This is the first step in shutting down the medical profession. Doctors,
hospitals and all forms of testing and therapeutic facilities and
potentially the entire drug industry are about to lose their insurance.
Any continuation of medical care will be carried out at the direct
personal risk of the individual caregiver.

Doctors are admitted to practice in hospitals. Hospitals will require
doctors to show evidence of financial responsibility. Without malpractice
insuraance, doctors will be at personal risk for lawsuits springing from
substandard care or improper care or injury due to Y2K problems, including
misdiagnosis, improper dosage or therapy, inadequate or confused records
and any other possible difficulty arising from any problem connected to
any irregularity in procedure associated with any form of electronics or
computers.

Doctors will insist on being indemnified by hospitals and hospitals will
insist on being protected under doctors' policies. Insurance companies
will refuse to cover anyone.

Unless a hospital can thoroughly test, fix or replace virtually every
device that makes it more than just a hotel, that hospital will have to
close its doors. If doctors can not demonstrate malpractice insurance,
they will be dropped from practice by a hospital unless they are willing
to and able to put their personal assets up as security against
malpractice claims. Losing access to hospitals will damage doctor's
practices and probably force them to quit practicing. How can they provide
full service to their patients without access to hospitals?

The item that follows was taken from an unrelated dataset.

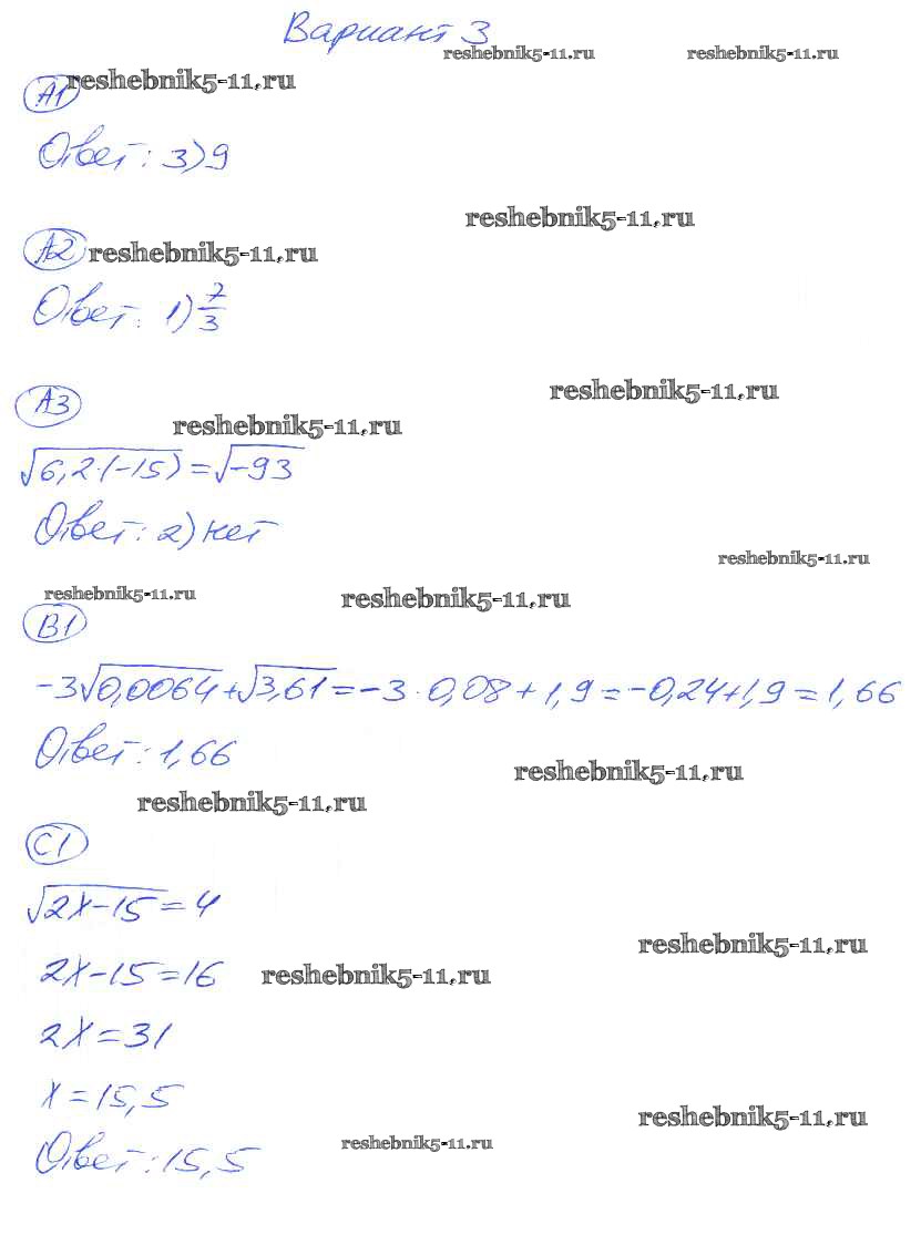 Готовая домашняя работа с ответами по Алгебре за 8 класс Глазков, Гаиашвили Самостоятельные и контрольные работы УМК Экзамен 2012 ФГОС - СР-10. Варианты 3

So the hospitals are trapped. If they do not have their own malpractice
insurance, the Directors will be personally liable for Y2K induced injury
to patients. It will not be considered prudent for the Directors to vote
hospital money for their personal protection when they failed to authorize
Y2K remediation in a timely fashion. Stock holders will be very angry when
the value of their stock drops to zero when hospitals close their doors.

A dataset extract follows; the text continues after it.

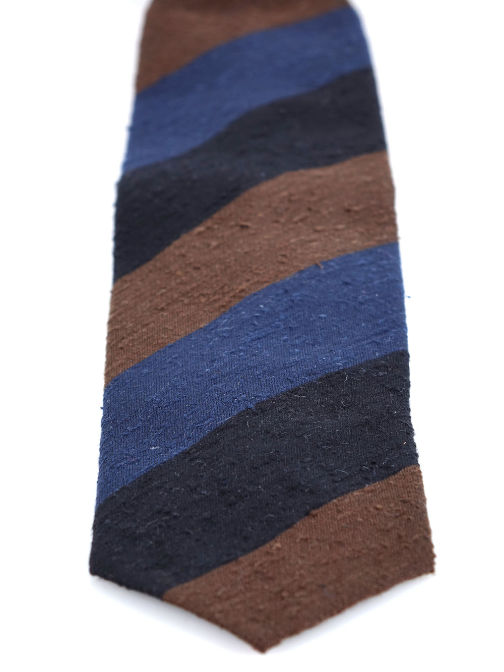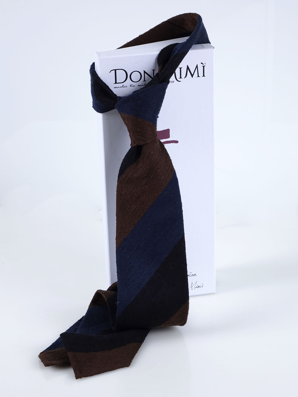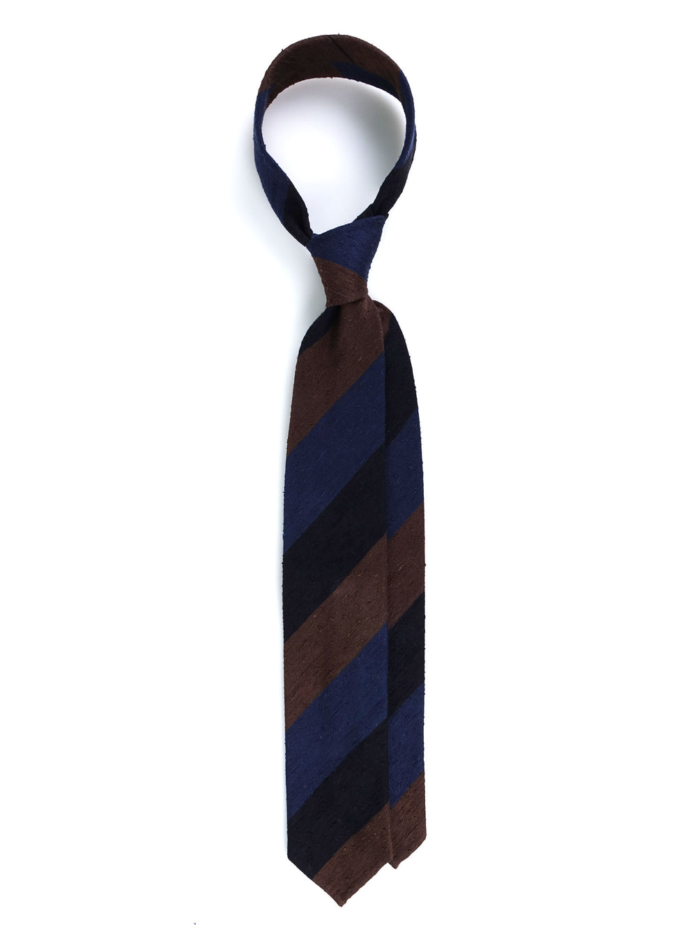 Cravatta 3 pieghe sfoderata blu/marrone in seta shantung TRIGA

Hospitals will not wait until 2000 to start refusing patients. Once
insurance riders start restricting Y2K coverage hospitals will have to
start cutting back their services immediately. There is a reasonable
expectation that Y2K problems with computers will hit in 1999 and that
creates risk. All hospitals will start evicting their long term care
patients to other facilities. All hospitals will have the same insurance
problems. Those that move quickest to shed their vegetables and terminal
patients and other permanent residents will be the lucky ones. As word
spreads, no hospitals will accept any chronic illness patients or surgery
patients that could require extended in-patient care. Emergency rooms will
stop accepting critical care patients. No hospital, except government
facilities, will admit patients that could become long term residents.

Community hospitals are subsidized with tax dollars. Someone has
responsibility to see that the community gets value for its money.
Community hospitals will be shut down just like for profit hospitals and
there will be lots of political heat and burned scapegoats.

Most hospitals are financed by big ticket borrowing from banks. The banks
will take a very heavy hit when the hospitals close their doors and have
zero cash flow to repay loans. Will the banks foreclose on hospitals? Are
communities going to be stiffed on bond issues for medical facilities
guaranteed by the tax payers?

Patients will be very concerned when hospitals evict them in order to
close their doors to avoid Y2K risks. Those patients will be angry both at
doctors and at the hospitals. It is reasonable to assume that hospitals
will, at some point stop receiving patients that might need long term care
that could expose them to Y2K risks. This will put further pressure on
doctors and ultimately lead to more law suits.

Doctors and hospitals are all tightly wrapped in contractual obligations
to HMO's and it's hard to believe that patients and businesses who have
been paying into insurance policies are going to feel good about losing
their local medical services.

What's going to happen to schools? Will colleges and universities continue
to provide health care coverage for students? Will school athletic progams
at any level be able to continue without full medical care available?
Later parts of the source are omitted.